À la découverte de Saorge, perle des Alpes-Maritimes

Perché dans un écrin de verdure, Saorge est un village qui dévoile son histoire à chaque pierre et chaque ruelle. D’une beauté saisissante, ce petit paradis niché dans les Alpes-Maritimes a su résister aux épreuves du temps. Le récit de son passé commence au XVIIe siècle lorsque, touché par la peste, le village a fait appel aux franciscains. Le premier abbé, Jean-François Blancardi, a planté une croix sur un précipice, et c’est ainsi qu’a vu le jour un monastère défiant les lois de la gravité.
Labyrinthe médiéval
Pour atteindre Saorge, la route serpente à travers des gorges impressionnantes, chaque virage semblant nous rapprocher d’un abîme façonné par le cours du ruisseau Roya au fil des millénaires. À seulement 70 km de Nice, ce dédale de routes peut rendre le voyage intrigant. Nous parvenons finalement au village, où les rues piétonnes s’ouvrent devant nous. Comme un écho du passé, chaque pas sur le pavé nous rapproche des anciens marchands qui fréquentaient ces lieux.
À l’époque, Saorge était un bastion stratégique sur la route du sel, une voie commerciale vitale. Ce passé glorieux se reflète dans les habitations, comme celle de la famille Toesca, dont l’armoirie sculptée sur le linteau rappelle la prospérité d’antan. Rapidement, l’église de Saint-Sauveur attire notre attention, avec sa façade refaite à la fin du XVe siècle et sa célèbre coupole en forme d’oignon. Les rayons du soleil illuminent cette architecture baroque, faisant vibrer ses cloches encore actives, tandis que son splendide orgue, transporté depuis Nice en 1847, émet des sons qui animent les célébrations locales.
Paysage typiquement tibétain
En flânant dans les ruelles, un arrêt s’impose au four communal de la Calle Doumergue, où les habitants préparaient autrefois leur pain et leurs célèbres douceurs. Actuellement, une biscuiterie artisanale embaume l’air de ses délicieuses créations. Juste à côté, le lavoir près de la « Fontana de Mèdge » offre un répit idéal avant d’explorer l’autre merveille cachée de Saorge.

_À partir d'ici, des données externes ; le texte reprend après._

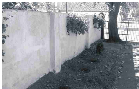
Po drzewkach zostały tylko dziury.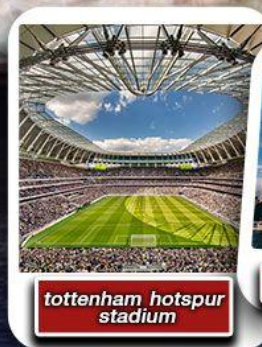
tottenham hotspur stadium

En haut, la vue depuis le monastère permet d’admirer le village se déversant tel un torrent de pierres et de tuiles violettes sur la pente. La ressemblance avec les villages tibétains accrochés aux flancs de l’Himalaya est saisissante. Le monastère franciscain, un des derniers exemples de l’architecture monastique baroque en Provence, mérite votre attention. À l’ombre des sapins, l’esprit des moines qui protégeaient les anciens villageois de la peste semble encore présent.

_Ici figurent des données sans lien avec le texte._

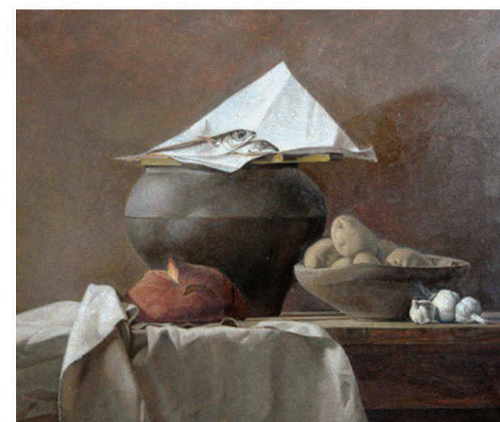
«Натюрморт с чугуном». 1991. Галерея Арт Прима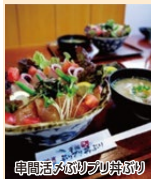
串間活メばりぶり丼ぶり

串間市民秋まつり メイン会場 祭りのメイン会場では、地場産品の販売や、多数のふるまいが行われています。ぜひお立ち寄りください。

La petite église de Notre-Dame des Miracles, accolée au cloître, est un rappel des miracles qui ont mis fin à l’épidémie dans la région. À droite, la porte discrète menant au couvent permet de découvrir un espace classé monument historique, aujourd’hui résidence d’artistes. Cela nous fait réfléchir : l’art, nourri par la foi, a ce pouvoir de transcender les douleurs et les conflits du monde.
Le voyage à Saorge nous plonge dans une atmosphère à la fois bucolique et empreinte d’histoire. Chaque coin de rue, chaque bâtiment, raconte une histoire. Ce village a su préserver son identité au fil des siècles. La prochaine fois que vous explorerez les Alpes-Maritimes, pensez à inclure ce joyau dans votre itinéraire. Il se pourrait bien que ses ruelles, son histoire et sa beauté fassent résonner en vous un profond sentiment d’émerveillement.